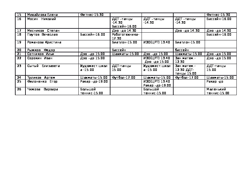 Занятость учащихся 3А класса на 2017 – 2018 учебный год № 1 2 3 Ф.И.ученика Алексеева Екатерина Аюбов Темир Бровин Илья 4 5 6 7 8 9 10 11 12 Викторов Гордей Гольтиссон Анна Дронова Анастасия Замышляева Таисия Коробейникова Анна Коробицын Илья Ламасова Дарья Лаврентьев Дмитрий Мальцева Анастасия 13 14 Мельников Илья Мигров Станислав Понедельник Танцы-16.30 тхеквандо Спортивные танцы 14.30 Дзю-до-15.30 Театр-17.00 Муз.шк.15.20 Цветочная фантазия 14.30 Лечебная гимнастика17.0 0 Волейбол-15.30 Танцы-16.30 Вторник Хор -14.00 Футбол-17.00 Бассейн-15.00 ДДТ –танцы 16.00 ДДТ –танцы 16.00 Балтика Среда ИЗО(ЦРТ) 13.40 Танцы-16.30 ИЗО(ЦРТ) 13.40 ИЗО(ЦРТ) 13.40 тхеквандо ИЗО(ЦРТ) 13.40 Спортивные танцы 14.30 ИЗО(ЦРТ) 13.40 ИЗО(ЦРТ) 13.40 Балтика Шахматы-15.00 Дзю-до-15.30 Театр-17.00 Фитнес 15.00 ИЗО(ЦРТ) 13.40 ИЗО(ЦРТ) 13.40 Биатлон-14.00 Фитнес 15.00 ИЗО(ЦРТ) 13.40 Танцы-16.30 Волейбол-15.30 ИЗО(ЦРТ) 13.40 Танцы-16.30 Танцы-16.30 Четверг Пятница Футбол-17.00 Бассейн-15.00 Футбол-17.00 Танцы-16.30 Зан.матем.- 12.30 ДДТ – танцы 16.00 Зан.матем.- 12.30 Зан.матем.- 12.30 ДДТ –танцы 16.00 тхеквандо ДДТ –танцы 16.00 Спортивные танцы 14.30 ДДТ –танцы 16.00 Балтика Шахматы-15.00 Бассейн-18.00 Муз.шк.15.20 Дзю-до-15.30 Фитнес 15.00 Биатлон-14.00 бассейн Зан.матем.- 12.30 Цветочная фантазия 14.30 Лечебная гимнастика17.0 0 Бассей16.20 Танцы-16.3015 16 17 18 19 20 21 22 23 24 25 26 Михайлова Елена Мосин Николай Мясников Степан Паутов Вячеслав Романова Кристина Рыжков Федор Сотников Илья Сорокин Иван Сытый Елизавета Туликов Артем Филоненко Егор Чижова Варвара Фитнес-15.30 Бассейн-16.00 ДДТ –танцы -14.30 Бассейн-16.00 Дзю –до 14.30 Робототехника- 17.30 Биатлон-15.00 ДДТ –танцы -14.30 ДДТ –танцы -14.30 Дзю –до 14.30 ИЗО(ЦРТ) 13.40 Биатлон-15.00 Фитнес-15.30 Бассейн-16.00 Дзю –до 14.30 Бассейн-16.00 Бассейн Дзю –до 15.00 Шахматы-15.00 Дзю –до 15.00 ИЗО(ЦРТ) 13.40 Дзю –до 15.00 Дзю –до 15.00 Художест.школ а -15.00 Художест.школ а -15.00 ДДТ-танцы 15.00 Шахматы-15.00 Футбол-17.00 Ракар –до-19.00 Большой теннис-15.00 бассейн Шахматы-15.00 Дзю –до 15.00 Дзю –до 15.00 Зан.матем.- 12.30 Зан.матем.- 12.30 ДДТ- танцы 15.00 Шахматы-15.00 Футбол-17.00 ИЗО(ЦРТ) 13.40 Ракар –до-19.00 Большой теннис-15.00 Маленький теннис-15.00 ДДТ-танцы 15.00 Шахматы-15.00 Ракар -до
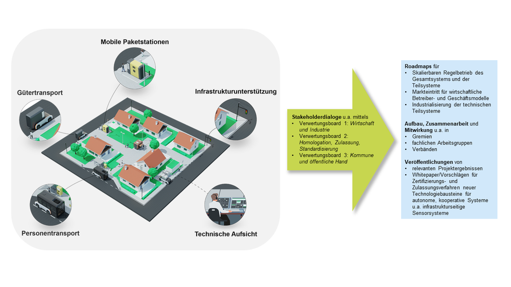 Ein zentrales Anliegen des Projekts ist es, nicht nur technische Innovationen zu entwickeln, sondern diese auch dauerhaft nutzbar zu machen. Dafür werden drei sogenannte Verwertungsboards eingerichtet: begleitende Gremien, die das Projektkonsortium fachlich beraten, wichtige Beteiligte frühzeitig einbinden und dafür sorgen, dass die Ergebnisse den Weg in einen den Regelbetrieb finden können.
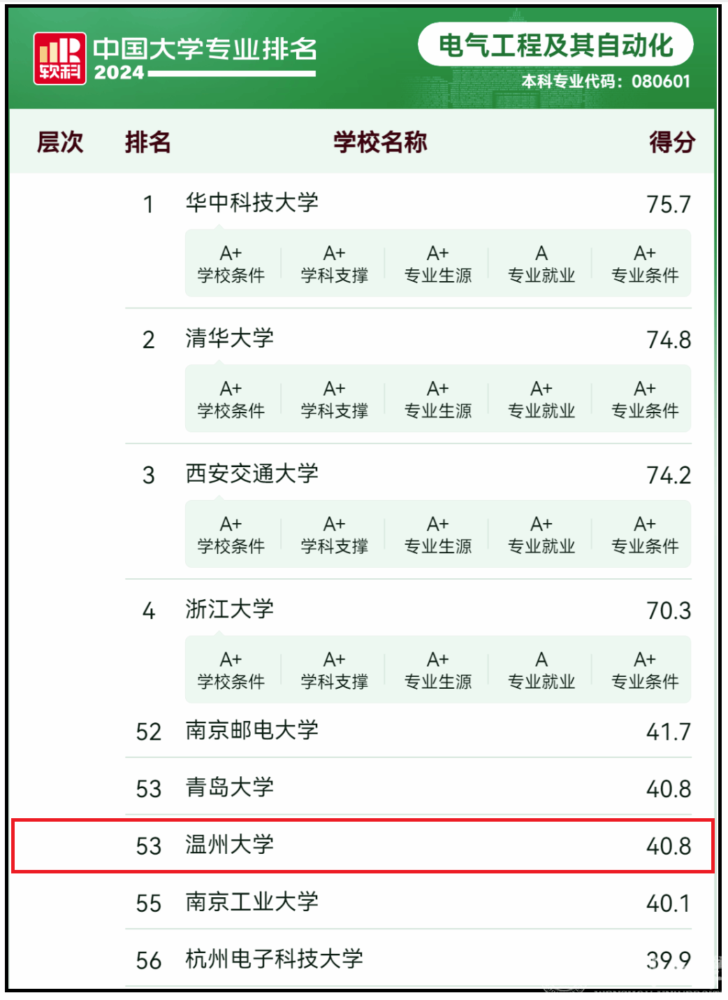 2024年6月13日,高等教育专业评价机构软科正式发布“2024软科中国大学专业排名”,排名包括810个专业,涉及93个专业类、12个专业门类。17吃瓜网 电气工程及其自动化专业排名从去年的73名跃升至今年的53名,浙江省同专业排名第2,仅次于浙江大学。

> **WORK TO BE COMPLETED**:
Output all the data, exactly, without images.

> **EXERCISE ANSWER**:
 Занятость учащихся 3А класса на 2017 – 2018 учебный год № 1 2 3 Ф.И.ученика Алексеева Екатерина Аюбов Темир Бровин Илья 4 5 6 7 8 9 10 11 12 Викторов Гордей Гольтиссон Анна Дронова Анастасия Замышляева Таисия Коробейникова Анна Коробицын Илья Ламасова Дарья Лаврентьев Дмитрий Мальцева Анастасия 13 14 Мельников Илья Мигров Станислав Понедельник Танцы-16.30 тхеквандо Спортивные танцы 14.30 Дзю-до-15.30 Театр-17.00 Муз.шк.15.20 Цветочная фантазия 14.30 Лечебная гимнастика17.0 0 Волейбол-15.30 Танцы-16.30 Вторник Хор -14.00 Футбол-17.00 Бассейн-15.00 ДДТ –танцы 16.00 ДДТ –танцы 16.00 Балтика Среда ИЗО(ЦРТ) 13.40 Танцы-16.30 ИЗО(ЦРТ) 13.40 ИЗО(ЦРТ) 13.40 тхеквандо ИЗО(ЦРТ) 13.40 Спортивные танцы 14.30 ИЗО(ЦРТ) 13.40 ИЗО(ЦРТ) 13.40 Балтика Шахматы-15.00 Дзю-до-15.30 Театр-17.00 Фитнес 15.00 ИЗО(ЦРТ) 13.40 ИЗО(ЦРТ) 13.40 Биатлон-14.00 Фитнес 15.00 ИЗО(ЦРТ) 13.40 Танцы-16.30 Волейбол-15.30 ИЗО(ЦРТ) 13.40 Танцы-16.30 Танцы-16.30 Четверг Пятница Футбол-17.00 Бассейн-15.00 Футбол-17.00 Танцы-16.30 Зан.матем.- 12.30 ДДТ – танцы 16.00 Зан.матем.- 12.30 Зан.матем.- 12.30 ДДТ –танцы 16.00 тхеквандо ДДТ –танцы 16.00 Спортивные танцы 14.30 ДДТ –танцы 16.00 Балтика Шахматы-15.00 Бассейн-18.00 Муз.шк.15.20 Дзю-до-15.30 Фитнес 15.00 Биатлон-14.00 бассейн Зан.матем.- 12.30 Цветочная фантазия 14.30 Лечебная гимнастика17.0 0 Бассей16.20 Танцы-16.3015 16 17 18 19 20 21 22 23 24 25 26 Михайлова Елена Мосин Николай Мясников Степан Паутов Вячеслав Романова Кристина Рыжков Федор Сотников Илья Сорокин Иван Сытый Елизавета Туликов Артем Филоненко Егор Чижова Варвара Фитнес-15.30 Бассейн-16.00 ДДТ –танцы -14.30 Бассейн-16.00 Дзю –до 14.30 Робототехника- 17.30 Биатлон-15.00 ДДТ –танцы -14.30 ДДТ –танцы -14.30 Дзю –до 14.30 ИЗО(ЦРТ) 13.40 Биатлон-15.00 Фитнес-15.30 Бассейн-16.00 Дзю –до 14.30 Бассейн-16.00 Бассейн Дзю –до 15.00 Шахматы-15.00 Дзю –до 15.00 ИЗО(ЦРТ) 13.40 Дзю –до 15.00 Дзю –до 15.00 Художест.школ а -15.00 Художест.школ а -15.00 ДДТ-танцы 15.00 Шахматы-15.00 Футбол-17.00 Ракар –до-19.00 Большой теннис-15.00 бассейн Шахматы-15.00 Дзю –до 15.00 Дзю –до 15.00 Зан.матем.- 12.30 Зан.матем.- 12.30 ДДТ- танцы 15.00 Шахматы-15.00 Футбол-17.00 ИЗО(ЦРТ) 13.40 Ракар –до-19.00 Большой теннис-15.00 Маленький теннис-15.00 ДДТ-танцы 15.00 Шахматы-15.00 Ракар -до
 Ein zentrales Anliegen des Projekts ist es, nicht nur technische Innovationen zu entwickeln, sondern diese auch dauerhaft nutzbar zu machen. Dafür werden drei sogenannte Verwertungsboards eingerichtet: begleitende Gremien, die das Projektkonsortium fachlich beraten, wichtige Beteiligte frühzeitig einbinden und dafür sorgen, dass die Ergebnisse den Weg in einen den Regelbetrieb finden können.
 2024年6月13日,高等教育专业评价机构软科正式发布“2024软科中国大学专业排名”,排名包括810个专业,涉及93个专业类、12个专业门类。17吃瓜网 电气工程及其自动化专业排名从去年的73名跃升至今年的53名,浙江省同专业排名第2,仅次于浙江大学。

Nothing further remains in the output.